What’s important about the ERP software you choose is that it can handle project information, invoicing, timesheets, and personnel information. Another really important aspect is that it exports to a common data format, such as csv or Excel.
Reporting: The next evolution of the ecosystem is reporting. There are two dominant players right now, Power BI and Tableau. Each has their own advantages and most of my experience has been with Power BI, though I did experiment with Tableau at the time as I was evaluating Power BI. My assessment (which I believe remains current) is that Tableau produces beautiful visuals, but that Power BI has far more robust data structuring tools. Data structuring is actually one of the major tasks in data analytics, so for me it was a clear choice.
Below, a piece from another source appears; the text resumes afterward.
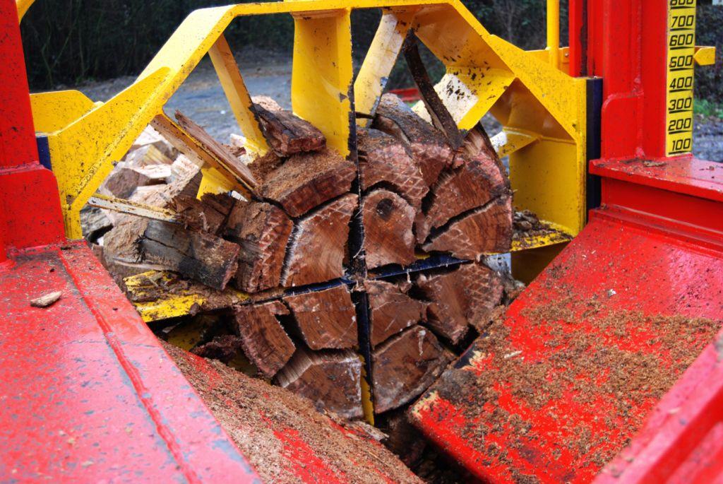 Un poussoir exerce une force de 80 tonnes pour pousser les bûches vers la grille. Cette grille de fendage est interchangeable, offrant trois modèles pour diviser les bûches en 16, 24 ou 28 éclats. De plus, la hauteur de la grille est ajustable hydrauliquement, ce qui permet de l’adapter au diamètre du bois en la plaçant au centre de la grume.

What’s important about the ERP software you choose is that it can handle project information, invoicing, timesheets, and personnel information. Another really important aspect is that it exports to a common data format, such as csv or Excel.
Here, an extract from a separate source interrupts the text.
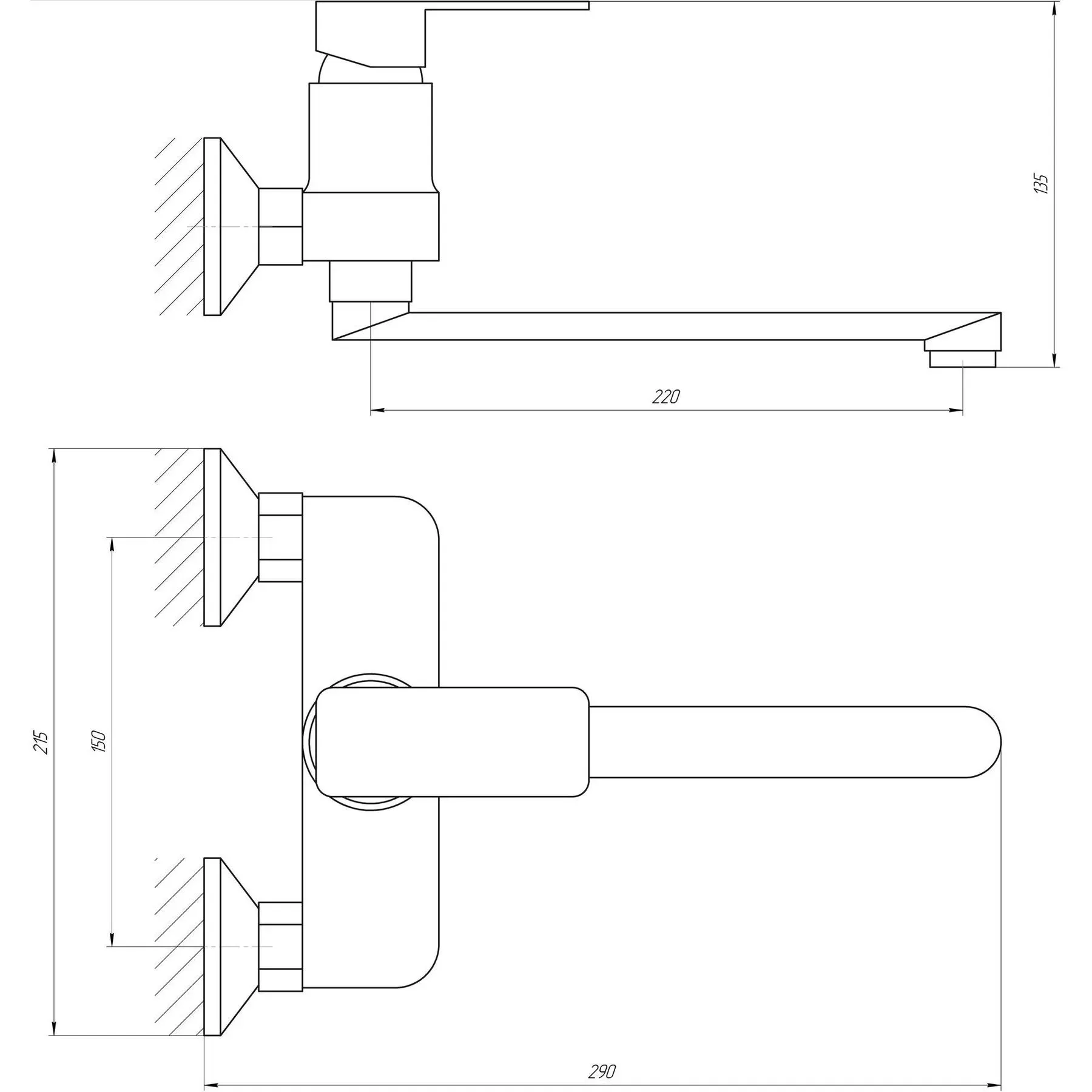 Смеситель MILANO GLM-104 Globus Lux для кухни настенный L-250мм

Most of the data we were getting from our ERP was what I called “dirty data”, full of useless headings and subtotals, and needing extensive cleaning and restructuring before we could start to get it into a clean tabular form. At the time that I was looking at Tableau, it's tools for restructuring data were not as advanced as Power BI, though since then there have been some improvements. Power BI also has some similarities to Excel formulas and so it can be easier to learn how to create custom fields.
But the most significant value of Power BI over typical ERP system reporting is its visualization capabilities, as well as its automatic aggregation. Adding a value to a chart is as simple as dragging that value onto the chart. What this means is when you add a metric to a screen it will show you the total for that metric, but when you then drag the category onto that same visual, it will subdivide the total into subtotals for each category. In that way it’s a lot like pivot tables in Excel. (probably a future post topic). The image below shows how highly visual data becomes in Power BI, and the image took about 20 seconds to produce, by simply switching the type of visual with one click.
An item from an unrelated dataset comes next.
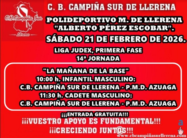 Nueva jornada de la temporada para nuestros equipos de la BASE que compiten en JUDEX-FEXB. Nuestros equipos FEMENINOSINFANTIL y JÚNIOR,  jugarán respectivamente la mañana del sábado en la pista del C.B. MAIMONA y la tarde del viernes en la pista de EL TEMPLO EVENTOS B.B. BADAJOZ.  Nuestros equipos MASCULINOS INFANTIL Y CADETE, juegan "LA MAÑANA DE LA BASE" el SÁBADO 21 DE FEBRERO DE 2026 en el "ALBERTO PÉREZ". ¡NO FALTÉIS!

Input: Finally, for input purposes, the most interesting tools for me right now would be Microsoft Lists and Smartsheet. Smartsheet in particular has developed into a strong option for certain tasks, especially scheduling tasks or phases. Both of these tools function equally well on a computer, smartphone or tablet , and are very simple. And both have a form input where the user can fill in fields and drop downs that make inputting data very simple. The data from these lists can then be integrated with ERP data by using Power BI or other reporting software.
Look for a future post about each of the software mentioned above. Each I believe has some features that distinguish it as the leader in one particular aspect of the ecosystem. But for now, I just wanted to illustrate the variety of different tools, and how they all relate to the larger ecosystem.
Conclusion
There is a plethora of software on the market for data analytics, and I haven't even mentioned half of the major players, just the ones that I think are most commonly used in the A/E space. I haven't made any mention of Python for data which is a very large and growing constituency. But I'm trying to make these articles relatively short (though not succeeding) so I might deal with some of the other options in future posts.
It’s important to realize that software changes constantly and so new capabilities will open up as new software becomes available. What will likely not change is the fact that any data ecosystem has multiple phases, and the real skill of a data analyst Is to figure out how to exchange data between the phases for optimal results.